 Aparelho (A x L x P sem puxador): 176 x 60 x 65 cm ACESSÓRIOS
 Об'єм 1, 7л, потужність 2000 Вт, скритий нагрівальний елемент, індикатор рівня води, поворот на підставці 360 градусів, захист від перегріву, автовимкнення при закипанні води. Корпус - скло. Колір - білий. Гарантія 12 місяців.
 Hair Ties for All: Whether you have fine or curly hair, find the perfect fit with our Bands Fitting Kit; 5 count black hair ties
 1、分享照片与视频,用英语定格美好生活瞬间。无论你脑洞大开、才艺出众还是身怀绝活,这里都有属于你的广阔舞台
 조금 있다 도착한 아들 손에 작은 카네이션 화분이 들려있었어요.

= Task requirements =
In full and without change, transcribe every line of the records above.

= Answer to the problem =
 Aparelho (A x L x P sem puxador): 176 x 60 x 65 cm ACESSÓRIOS
 Об'єм 1, 7л, потужність 2000 Вт, скритий нагрівальний елемент, індикатор рівня води, поворот на підставці 360 градусів, захист від перегріву, автовимкнення при закипанні води. Корпус - скло. Колір - білий. Гарантія 12 місяців.
 Hair Ties for All: Whether you have fine or curly hair, find the perfect fit with our Bands Fitting Kit; 5 count black hair ties
 1、分享照片与视频,用英语定格美好生活瞬间。无论你脑洞大开、才艺出众还是身怀绝活,这里都有属于你的广阔舞台
 조금 있다 도착한 아들 손에 작은 카네이션 화분이 들려있었어요.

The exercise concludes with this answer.